# RECORDS TO USE:
____

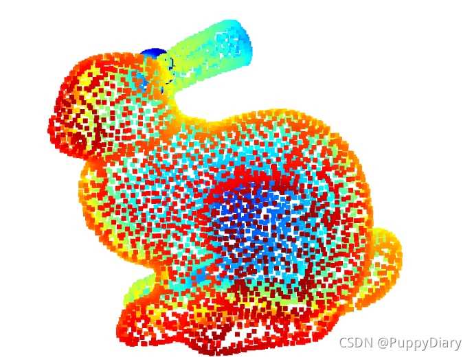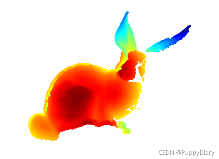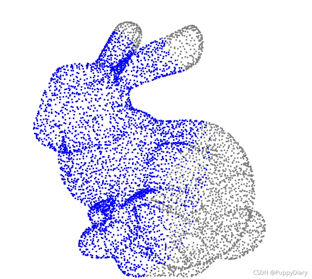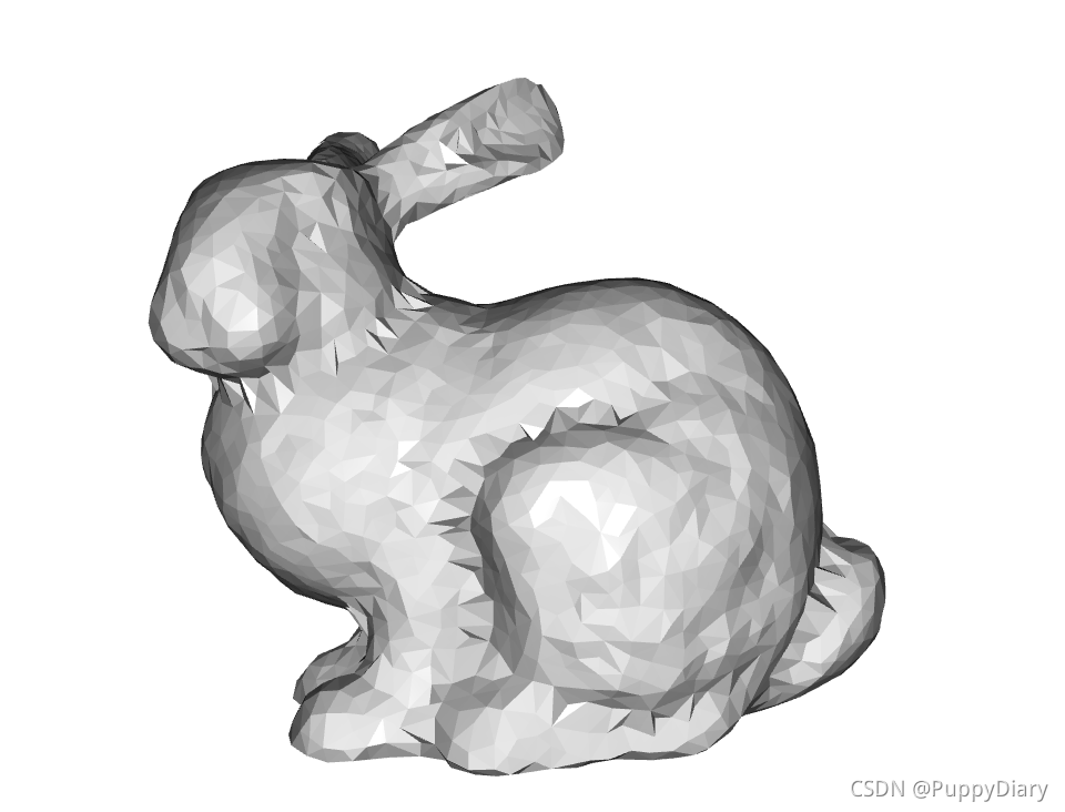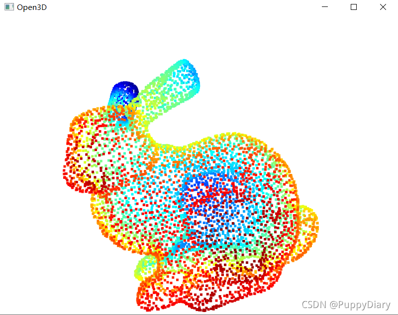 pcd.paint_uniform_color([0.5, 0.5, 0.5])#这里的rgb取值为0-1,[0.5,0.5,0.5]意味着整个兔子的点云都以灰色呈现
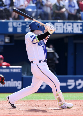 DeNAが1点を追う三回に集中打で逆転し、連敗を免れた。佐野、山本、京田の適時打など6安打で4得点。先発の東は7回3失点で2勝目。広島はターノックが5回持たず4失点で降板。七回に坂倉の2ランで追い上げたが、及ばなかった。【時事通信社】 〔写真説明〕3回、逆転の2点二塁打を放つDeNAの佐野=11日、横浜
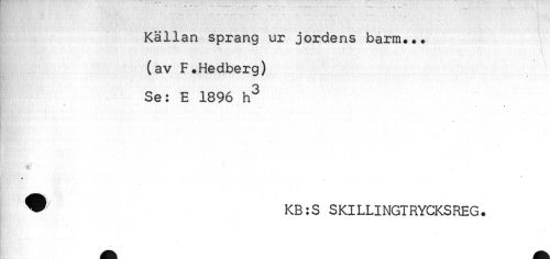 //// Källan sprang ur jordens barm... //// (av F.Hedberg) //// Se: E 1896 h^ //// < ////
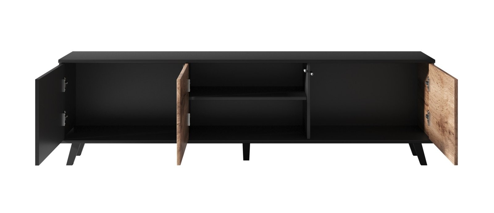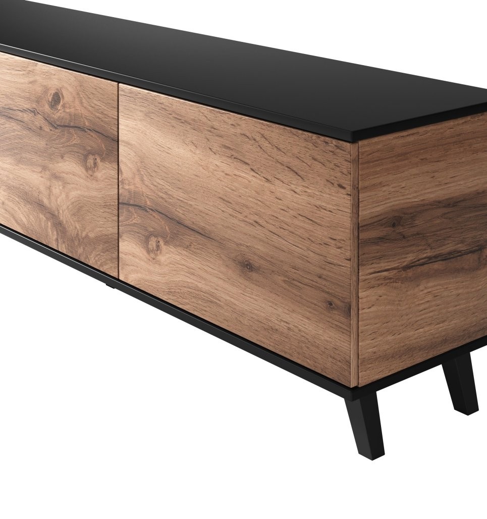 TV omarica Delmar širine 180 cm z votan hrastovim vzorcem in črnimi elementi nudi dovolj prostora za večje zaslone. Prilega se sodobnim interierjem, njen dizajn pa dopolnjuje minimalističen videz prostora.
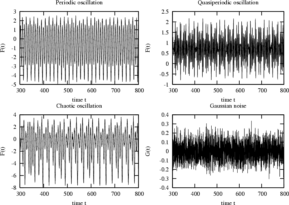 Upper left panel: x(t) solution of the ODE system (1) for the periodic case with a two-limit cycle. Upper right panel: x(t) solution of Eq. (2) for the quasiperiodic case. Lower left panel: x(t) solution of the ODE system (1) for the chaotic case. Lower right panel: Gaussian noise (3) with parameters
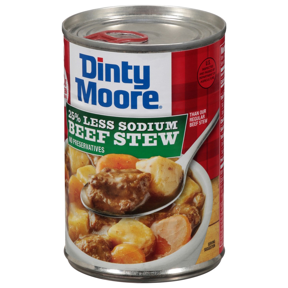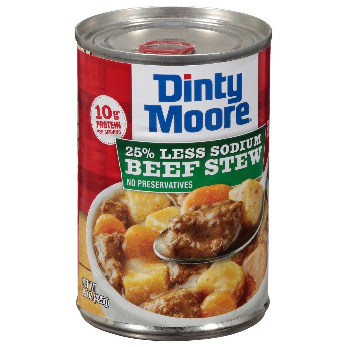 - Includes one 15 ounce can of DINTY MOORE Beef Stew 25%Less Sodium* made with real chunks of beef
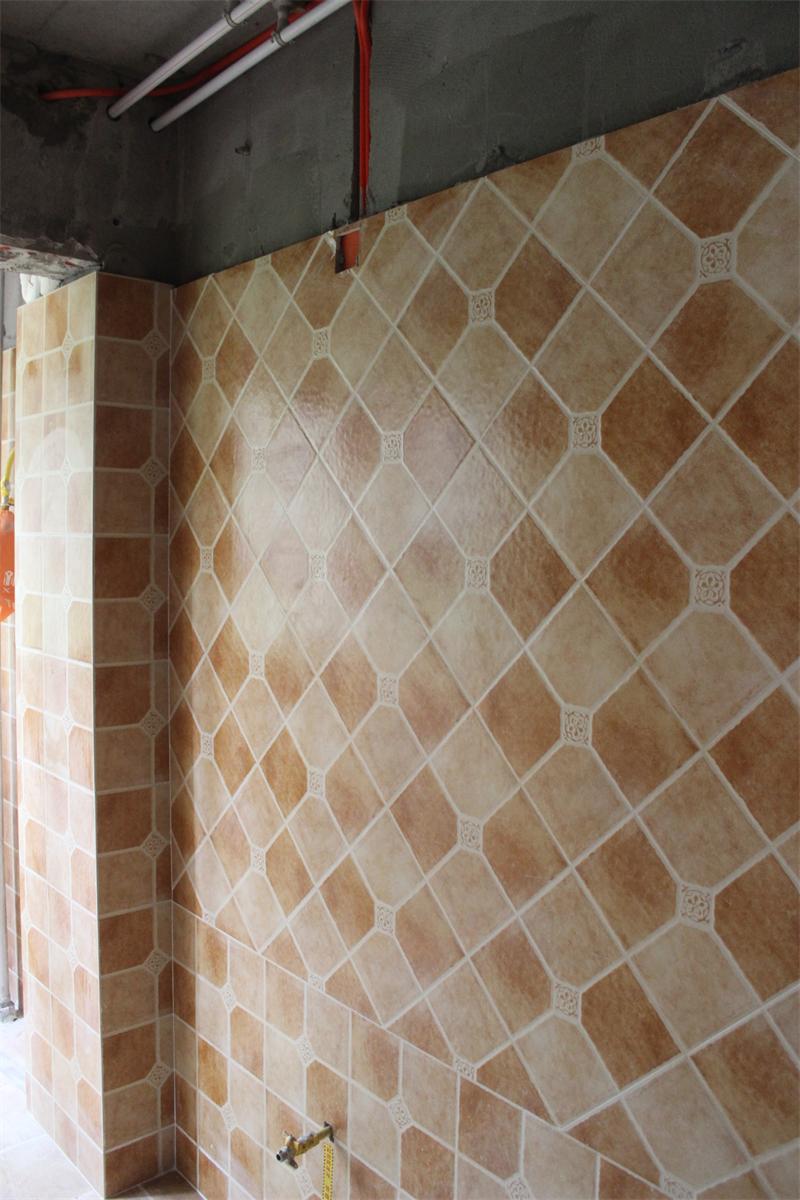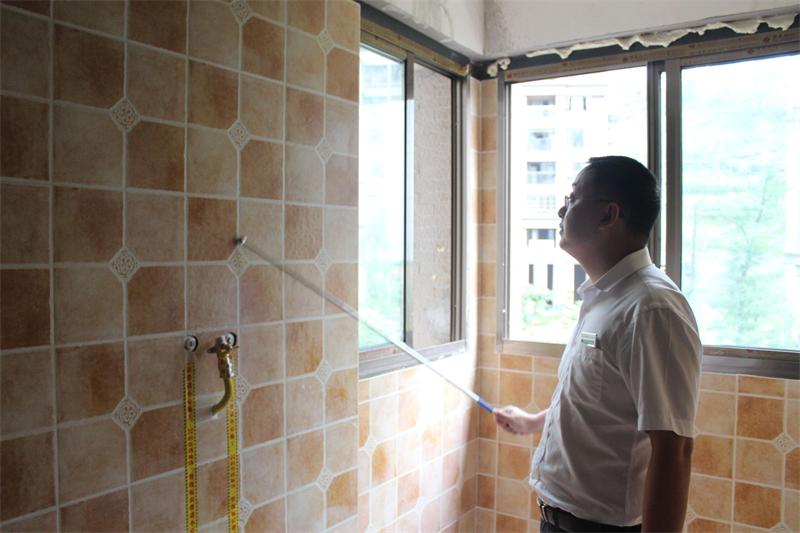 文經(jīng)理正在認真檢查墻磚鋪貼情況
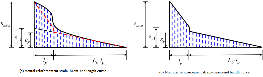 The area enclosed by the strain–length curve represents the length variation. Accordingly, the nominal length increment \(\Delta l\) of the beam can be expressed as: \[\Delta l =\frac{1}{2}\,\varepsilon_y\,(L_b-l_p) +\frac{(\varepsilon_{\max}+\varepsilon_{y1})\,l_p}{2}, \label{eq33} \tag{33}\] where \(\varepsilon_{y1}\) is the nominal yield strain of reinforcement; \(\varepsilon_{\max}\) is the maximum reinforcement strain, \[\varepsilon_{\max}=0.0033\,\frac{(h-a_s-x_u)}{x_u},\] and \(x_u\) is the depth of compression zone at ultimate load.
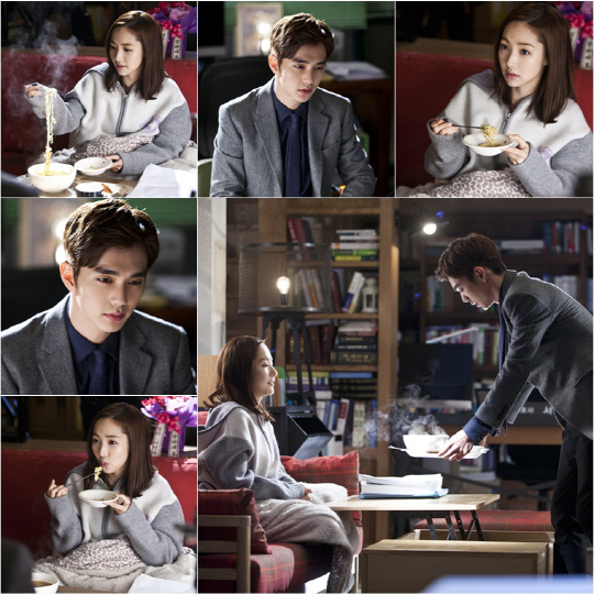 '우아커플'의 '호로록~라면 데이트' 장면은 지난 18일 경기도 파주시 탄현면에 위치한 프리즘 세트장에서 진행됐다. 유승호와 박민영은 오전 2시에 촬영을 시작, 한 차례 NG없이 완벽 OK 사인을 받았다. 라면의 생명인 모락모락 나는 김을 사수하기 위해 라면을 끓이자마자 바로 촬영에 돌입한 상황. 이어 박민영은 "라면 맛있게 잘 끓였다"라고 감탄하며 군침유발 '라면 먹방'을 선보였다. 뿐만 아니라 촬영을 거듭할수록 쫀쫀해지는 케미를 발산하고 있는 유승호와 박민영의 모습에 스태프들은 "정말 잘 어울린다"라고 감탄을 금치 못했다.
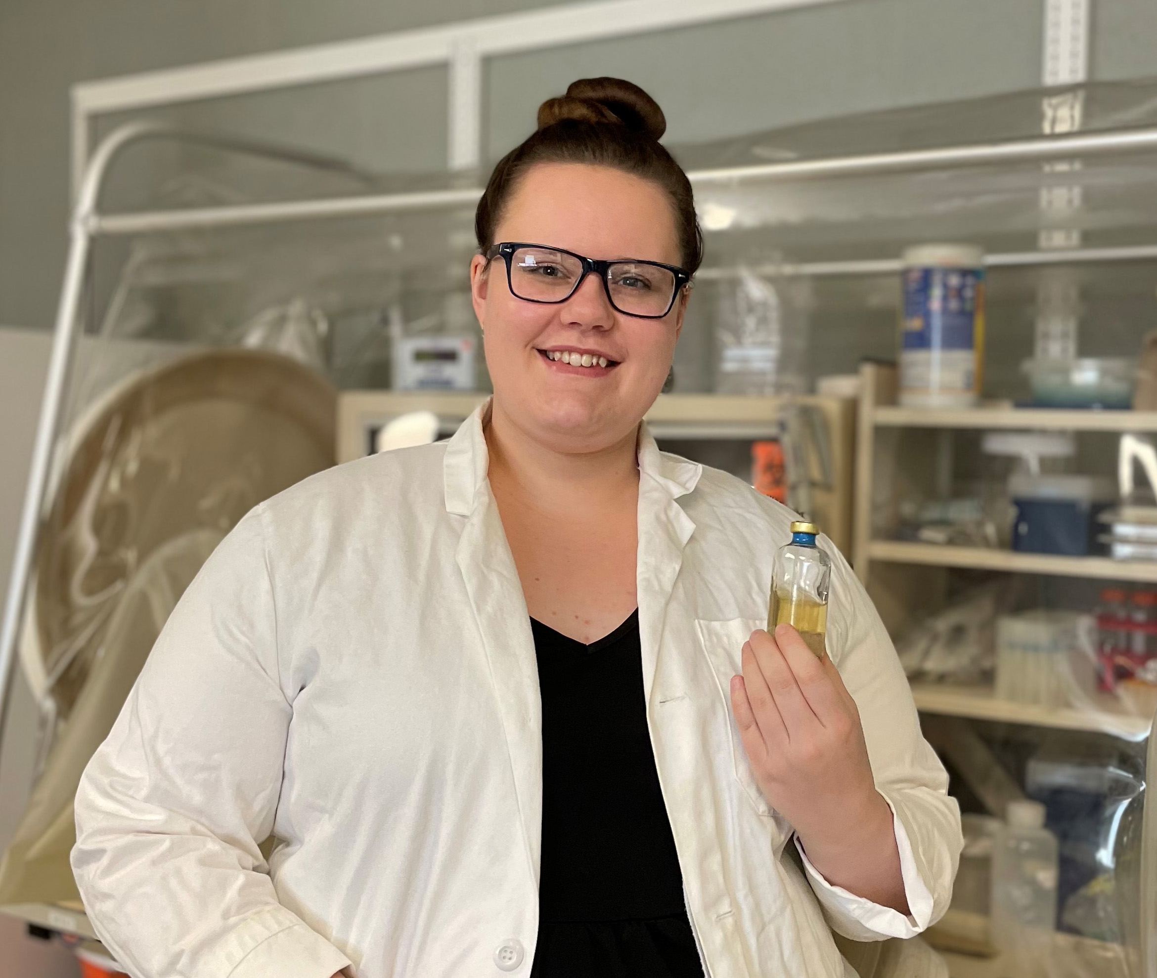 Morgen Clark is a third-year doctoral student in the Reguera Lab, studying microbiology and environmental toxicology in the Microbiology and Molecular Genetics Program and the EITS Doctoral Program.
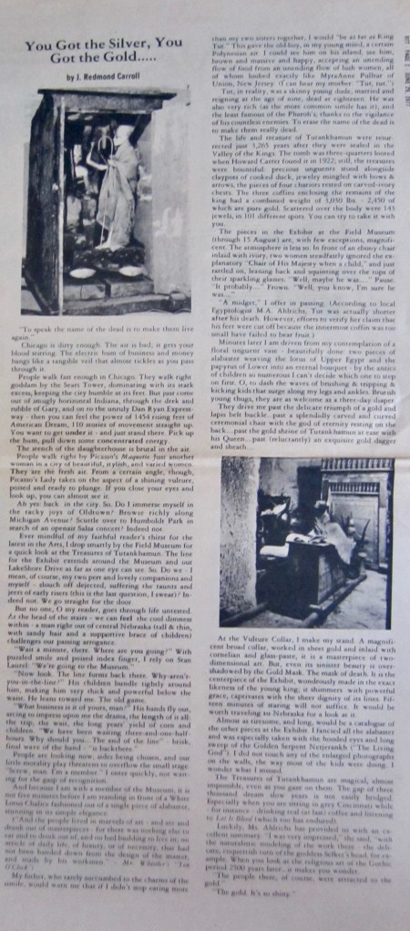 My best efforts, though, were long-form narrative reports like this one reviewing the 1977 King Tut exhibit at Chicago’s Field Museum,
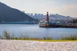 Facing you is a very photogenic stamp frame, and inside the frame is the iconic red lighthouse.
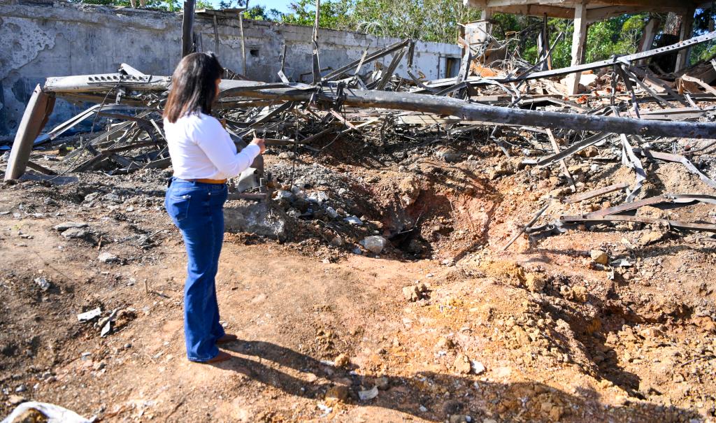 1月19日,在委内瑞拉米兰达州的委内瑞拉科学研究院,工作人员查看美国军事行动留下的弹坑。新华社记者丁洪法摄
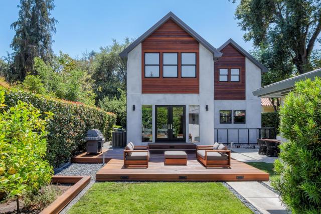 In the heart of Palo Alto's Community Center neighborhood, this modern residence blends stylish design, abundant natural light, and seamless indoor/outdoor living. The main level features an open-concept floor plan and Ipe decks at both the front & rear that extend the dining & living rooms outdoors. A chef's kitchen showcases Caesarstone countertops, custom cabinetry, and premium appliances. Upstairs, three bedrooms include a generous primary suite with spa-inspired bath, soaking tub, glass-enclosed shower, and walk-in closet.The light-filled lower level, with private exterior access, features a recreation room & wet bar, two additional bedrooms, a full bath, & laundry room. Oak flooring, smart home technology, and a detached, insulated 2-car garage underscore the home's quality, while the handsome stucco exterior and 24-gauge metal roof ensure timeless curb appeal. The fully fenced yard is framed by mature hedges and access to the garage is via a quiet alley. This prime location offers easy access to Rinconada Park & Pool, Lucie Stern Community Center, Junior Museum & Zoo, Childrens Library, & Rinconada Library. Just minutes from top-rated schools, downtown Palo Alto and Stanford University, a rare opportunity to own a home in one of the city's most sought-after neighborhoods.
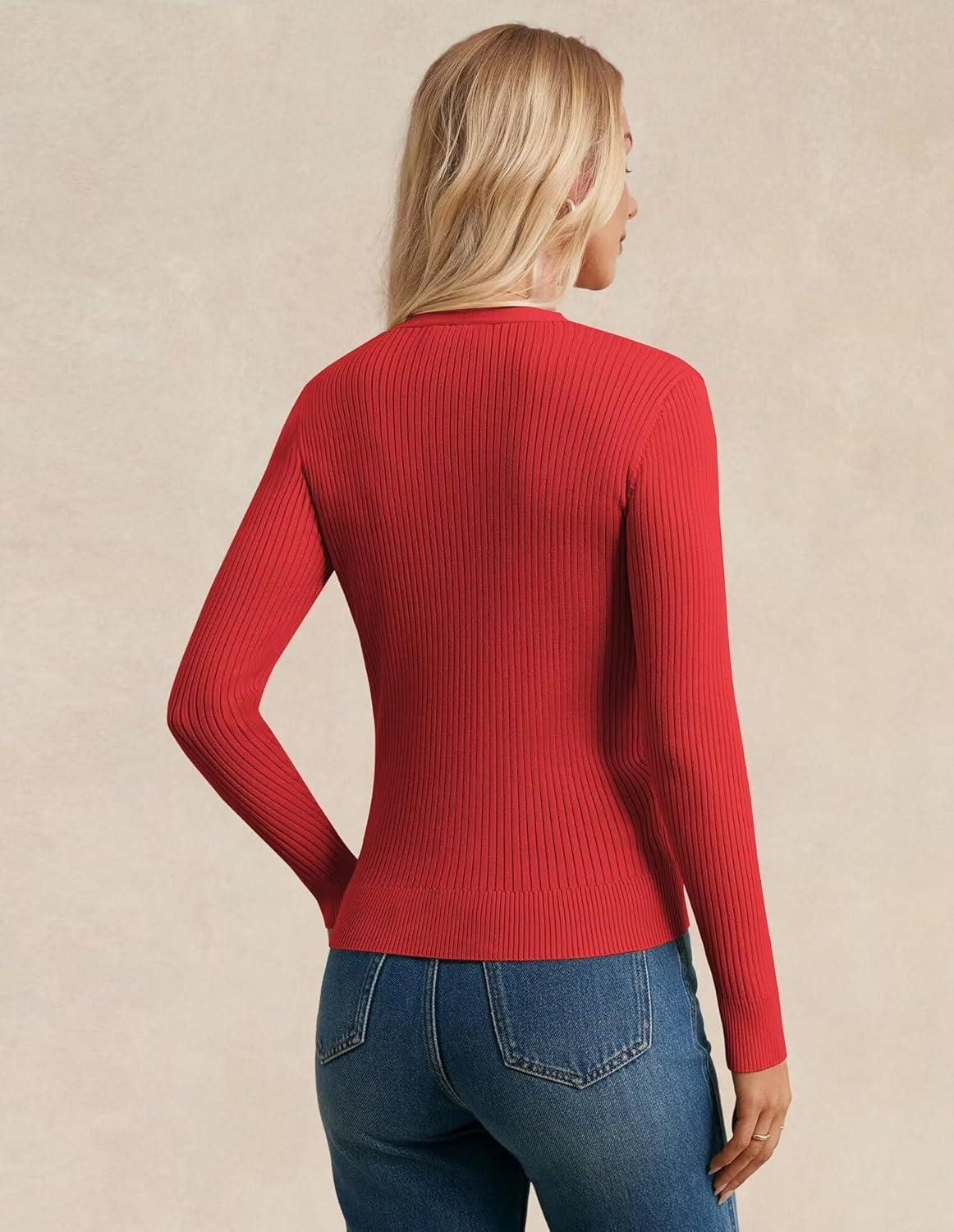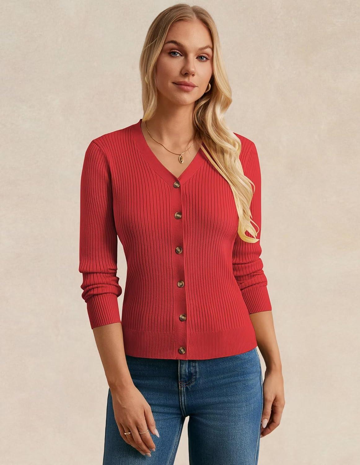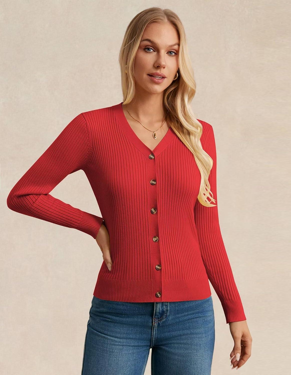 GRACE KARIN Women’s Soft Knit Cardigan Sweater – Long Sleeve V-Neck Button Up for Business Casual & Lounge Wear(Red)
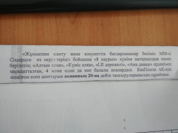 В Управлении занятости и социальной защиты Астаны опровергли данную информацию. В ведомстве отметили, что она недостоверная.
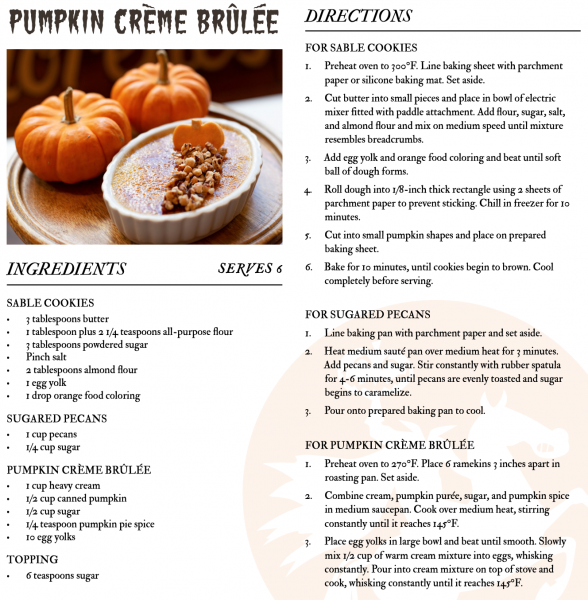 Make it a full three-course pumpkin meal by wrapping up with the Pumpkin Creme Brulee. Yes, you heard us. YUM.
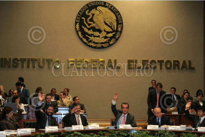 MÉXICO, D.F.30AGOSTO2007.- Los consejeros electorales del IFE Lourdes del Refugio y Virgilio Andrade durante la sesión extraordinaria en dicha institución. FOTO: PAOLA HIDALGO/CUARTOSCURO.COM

____

# WORK INSTRUCTION:
Only one stretch of the data is wanted: write out exactly the lines from the one holding "감탄을 금치 못했다." through the one holding "1月19日,在委内瑞拉米兰达", both included, without the pictures.

# ANSWER BOX:
 '우아커플'의 '호로록~라면 데이트' 장면은 지난 18일 경기도 파주시 탄현면에 위치한 프리즘 세트장에서 진행됐다. 유승호와 박민영은 오전 2시에 촬영을 시작, 한 차례 NG없이 완벽 OK 사인을 받았다. 라면의 생명인 모락모락 나는 김을 사수하기 위해 라면을 끓이자마자 바로 촬영에 돌입한 상황. 이어 박민영은 "라면 맛있게 잘 끓였다"라고 감탄하며 군침유발 '라면 먹방'을 선보였다. 뿐만 아니라 촬영을 거듭할수록 쫀쫀해지는 케미를 발산하고 있는 유승호와 박민영의 모습에 스태프들은 "정말 잘 어울린다"라고 감탄을 금치 못했다.
 Morgen Clark is a third-year doctoral student in the Reguera Lab, studying microbiology and environmental toxicology in the Microbiology and Molecular Genetics Program and the EITS Doctoral Program.
 My best efforts, though, were long-form narrative reports like this one reviewing the 1977 King Tut exhibit at Chicago’s Field Museum,
 Facing you is a very photogenic stamp frame, and inside the frame is the iconic red lighthouse.
 1月19日,在委内瑞拉米兰达州的委内瑞拉科学研究院,工作人员查看美国军事行动留下的弹坑。新华社记者丁洪法摄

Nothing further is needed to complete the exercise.